I didn't work my last week in Delhi. I spent a good deal of it wandering through the maze that is Old Delhi, squeezing my way through cycle rickshaw traffic jams in both directions, narrowly avoiding the tips of their axles as they run millimetres from gouging great chunks out of my shins. Here beeping and honking is very necessary: there's too much vehicular and people traffic to find another way through. You have to make your presence felt. And as the roads become narrower and more congested, a certain degree of claustrophobia is felt and finally the past 6 months start to make sense. Everything you can't come to terms with in the rest of Delhi - the aggressiveness, the disorganization, the pushing, the shoving - has a reason here. You can take people out of Old Delhi, but you can't take Old Delhi out of the people. It's in their blood. I should have come here first before all the other spots. It was a mistake to leave it 'til last.

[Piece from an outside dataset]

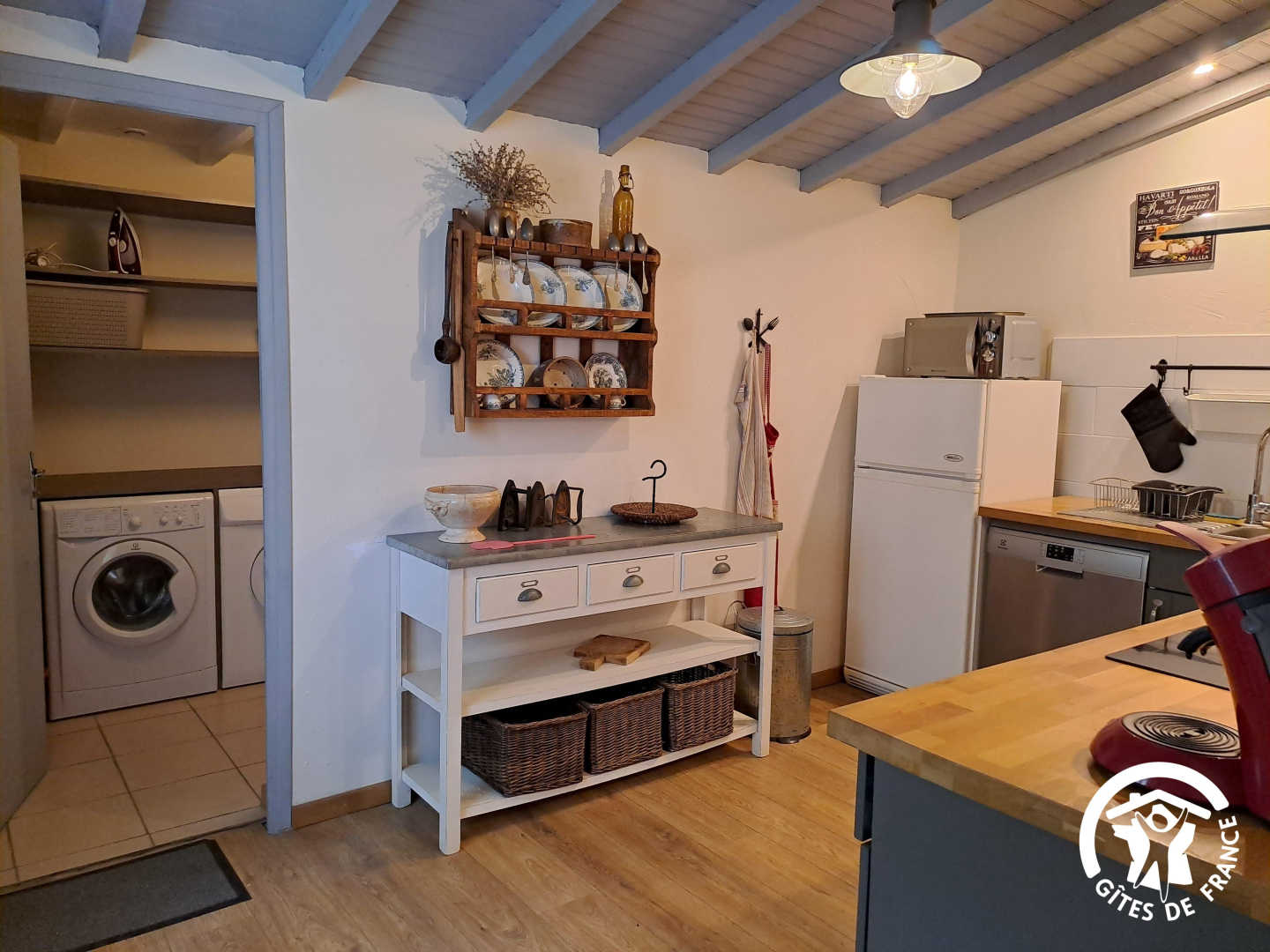 The fully equipped kitchen offers everything needed to prepare homemade meals, which can be enjoyed in the dining room or on the terrace.
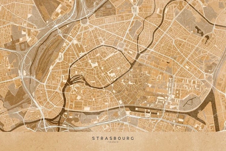 Sepia Vintage Map Of Strasbourg Downtown (France)

The experience has definitely emboldened me in my future travels. Hong Kong doesn't seem half as crowded or bullish as it did when I was last here 6 years ago. The few times people have bumped into me or vice versa, there have been an exchange of 'Sorrys', something which never used to happen even in the aftermath of a head on pedestrian collision (I have personal experience of such events). In fact, in my first few days here were spent in a mild sense of joy and bemusement. Surely a city can't work this well? There has to be a catch. I'm also sleeping in 10 hour stints - something my body would not allow in Delhi even when I had the time - and my mood is definitely more upbeat. Delhi wasn't that bad. Yeah, it frustrated the hell out of me, but I had a great group of friends and the days didn't seem like such an uphill struggle. Maybe that's just the conscious talking with the benefit of hind legs: the sub-conscious could still be suffering PTS.
I'm not half as jungli as I'd like to think. I like living in an apartment that looks more like a hotel room. I like the fact that there's a gym downstairs on the third floor. I love the fact that there are pavements: I'm sick of having to dodge traffic when I'm out for a stroll. I don't miss black fingernails, haggling, being stared at or bogies that look like the remnants of a Pompeian's death sneeze. So what? Sue me. I deserve a little bit of the good life [cue Kanye].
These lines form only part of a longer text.